With AI shopping assistants, retailers can deliver more engaging customer interactions, around the clock and across the world.

A retail shopping assistant needs to have personalization and the ability to answer long-tail, complex questions. However, current tools typically only perform well for shorter based, keyword oriented queries. This leads to scenarios where customers cannot find everything they are seeking or require assistance in ideating on the products they need. Whether it is curating all the necessary items for a backyard or trying to create a soccer themed birthday party for your child, the search process can often take multiple attempts and in some cases to no avail. This not only frustrates the consumer, but also represents a lost opportunity for the retailer to capture revenue and drive up-sell and cross-sell.

This NVIDIA AI Blueprint provides a reference example to enhance customer experiences, drive higher conversion rates, lower product return rates and increase the average size of orders through highly intelligent, personalized suggestions of complementary products or upgrades. It shows developers how NVIDIA NIM™ microservices can be used to develop solutions that enable more natural, personalized online shopping experiences. It features NVIDIA AI Enterprise software, including NVIDIA NIM™ microservices for Meta Llama 3.1 70B, NVIDIA Retrieval QA E5 Embedding v5 to deliver AI performance at scale, and NVIDIA NeMo Guardrails safety features.

Architecture Diagram

Key Features

  • An end-to-end sample multimodal, multi-query agentic RAG pipeline that includes image-to-image similarity search with NVClip, enabling consumers to use text and images in queries
  • Optimized LLM inference performance and scaling through NIM, including the Llama 3.1 70B NIM microservice bringing reasoning capabilities to AI shopping assistants for natural, humanlike interactions
  • Guardrails that help ensure customer conversations with the shopping assistant remain safe and on-topic, protecting brand values
  • World-class information retrieval delivers high accuracy and data privacy with NVIDIA Retrieval QA E5 Embedding v5
  • Integration with LangChain and the NVIDIA cuVS GPU-accelerated Milvus vector database​ (illustrated in the below workflow)
  • Sample retail product catalog and imagery with the ability to ingest retailers’ product catalog text and image data for accurate, context-aware responses
  • The flexibility to use other models from the NVIDIA API catalog or self-hosted models

Minimum System Requirements

Hardware Requirements

  • Expect that you will want the NIM microservices to be self-hosted as you progress in your RAG development. For self-hosting the blueprint with these microservices locally deployed, the recommended system requirement is 4 H100 GPUs with the Llama 3.1 70B NIM, the NVIDIA Retrieval QA E5 Embedding and NVCLIP NIMs, and the Milvus database accelerated with NVIDIA cuVS.

Deployment Options

  • Docker

Software Used in This Blueprint

NVIDIA Technology

3rd Party Software

  • LangChain
  • Milvus database (accelerated with NVIDIA cuVS)
  • SQLite

Ethical Considerations

NVIDIA believes Trustworthy AI is a shared responsibility, and we have established policies and practices to enable development for a wide array of AI applications. When downloaded or used in accordance with our terms of service, developers should work with their supporting model team to ensure the models meet requirements for the relevant industry and use case and address unforeseen product misuse. For more detailed information on ethical considerations for the models, please see the Model Card++ Explainability, Bias, Safety & Security, and Privacy Subcards. Please report security vulnerabilities or NVIDIA AI concerns here.

License

GOVERNING TERMS: Use of the blueprint software and materials and NIM containers are governed by the NVIDIA Software License Agreement and Product-specific Terms for AI products; and the use of models is governed by the NVIDIA Community Model License.

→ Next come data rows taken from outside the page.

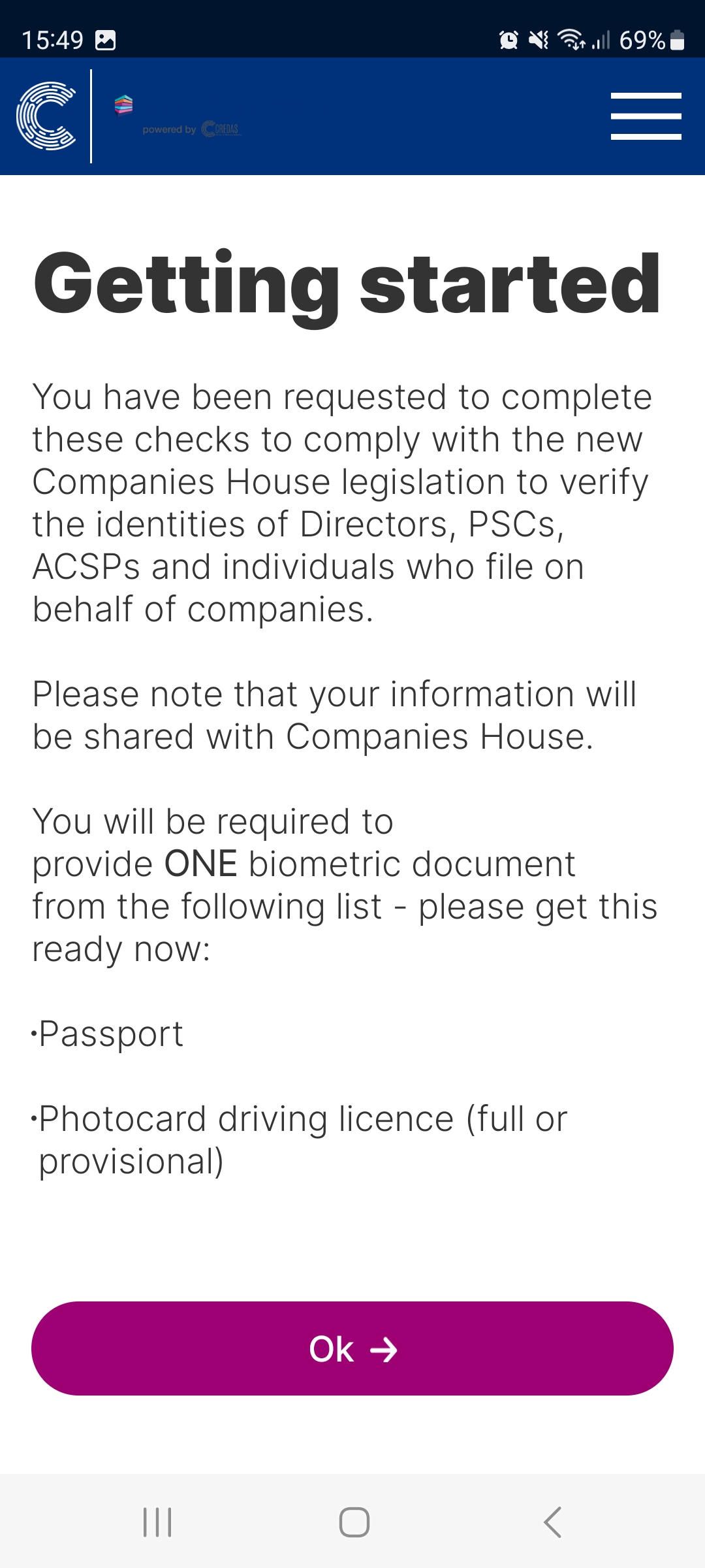 This journey applies when the option to initiate ‘Biometric Identity Check for Companies House - Option 1’ is selected in the wizard.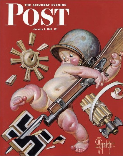 Leyendecker's last cover for the Saturday Evening Post was of a New Year Baby for January 2, 1943, thus ending the artist's most lucrative and celebrated string of commissions. New commissions continued to filter in, but slowly. Among the most prominent were posters for the United States Department of War, in which Leyendecker depicted commanding officers of the armed forces encouraging the purchases of bonds to support the nation's efforts in World War II.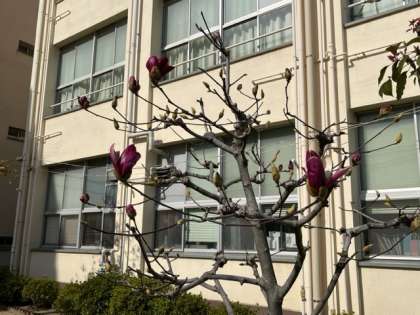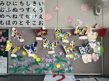 1年生の教室にたくさんのかわいいちょうちょが飛んでいます。木蓮の花も開き始めて、春がやってきました。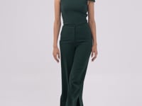The wide-leg trousers, finished with sleek side slits, introduce graceful movement and volume at the hemline ensuring a perfectly proportioned silhouette from top to bottom. Designed for the modern woman, this set blends elegance, confidence, and versatility in equal measure.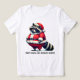 Um guaxinim baleado vestido com um terno vermelho brilhante, completo com um cinturão branco e cinturão liso, emana um espírito alegre durante o feriado, convidando risos e alegria.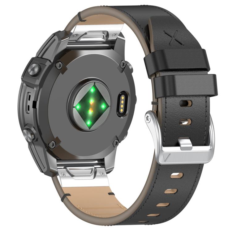 Correa de reloj de liberación rápida de cuero genuino cosida para reloj Garmin de 26 mm (negro y plateado)

ADDITIONAL INFORMATION: Llama 3.1 Community License Agreement for Llama 3.1 70B Instruct NIM, Llama 3.1 NemoGuard 8B - Content Safety and Llama 3.1 NemoGuard 8B - Topic Control models, built with Llama, (ii) MIT license for NV-EmbedQA-E5-v5.

Use of the product catalog data in the retail shopping assistant is governed by the terms of the NVIDIA Data License for Retail Shopping Assistant (15Aug2025).